# Panoptix



## die4irish (Jun 8, 2004)

anybody drop some serious coin on this? curious how well it really works


----------



## Shortdrift (Apr 5, 2004)

I thought about it and really don't see the need for my degree of expertise and the enjoyment I get out of Sonar and Down/Side scan.


----------



## Rooster (Apr 8, 2004)

I got the Panoptix ice bundle, but have only used it 3 times almost exclusively in DownVu from the kayak. I’m still getting familiar with the unit, but a little disappointed in my ability to see a 1/16oz jig while stationary among the screen clutter (no problems when the jig is moving). Also, the inability to zoom in on a specific range is frustrating, and I don’t understand why they did not include that feature. Hopefully it is a software fix. 

However, even with my inexperience and the issues above, it is the single most impressive sonar I have ever used.

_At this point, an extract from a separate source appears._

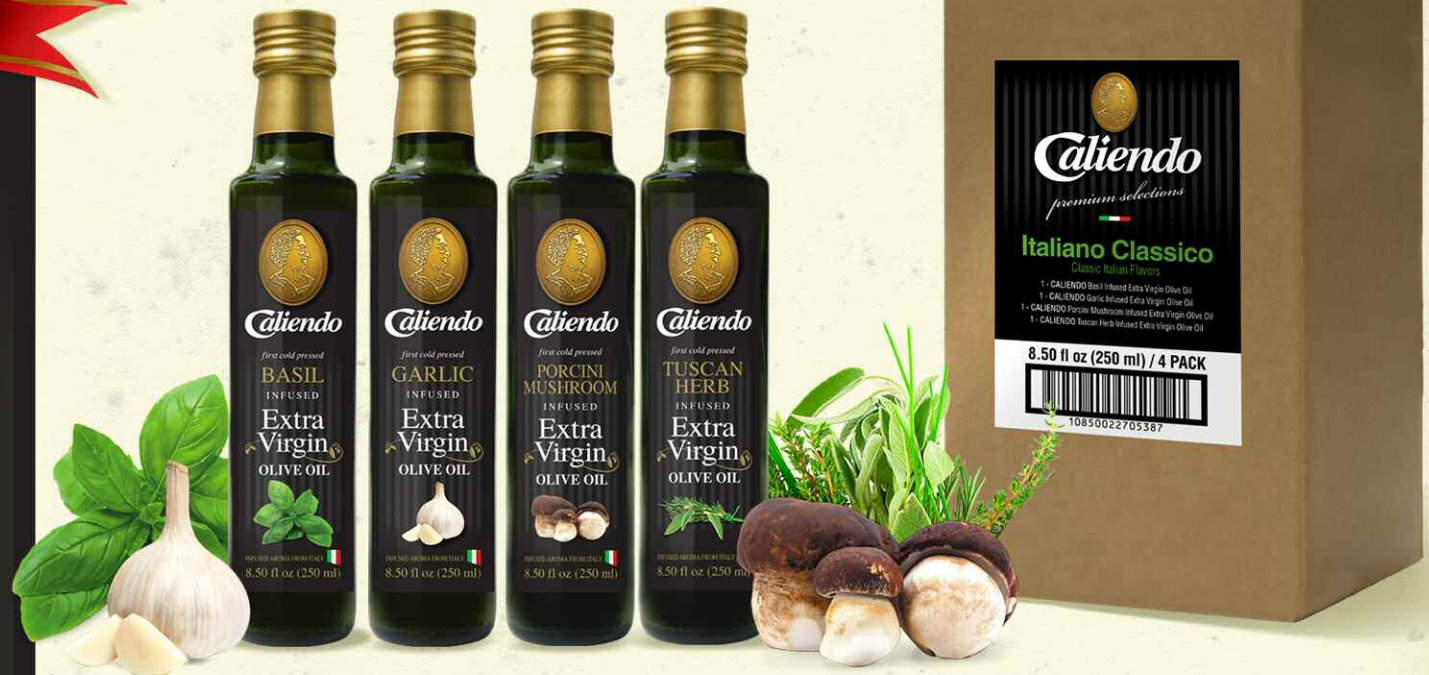
Italiano Classico shown

It is a true 2D live perspective vs the 1D live + history with traditional sonar. The ability to identify the horizontal orientation of a live target in DownVu within a wide cone angle is incredible (not to mention the fish finding capabilities in ForwardVu). I don’t know that it is a huge leap in identifying structure, but the ability to search in ForwardVu and identify the horizontal orientation of a live target is a game changer for video game fishermen like me.


----------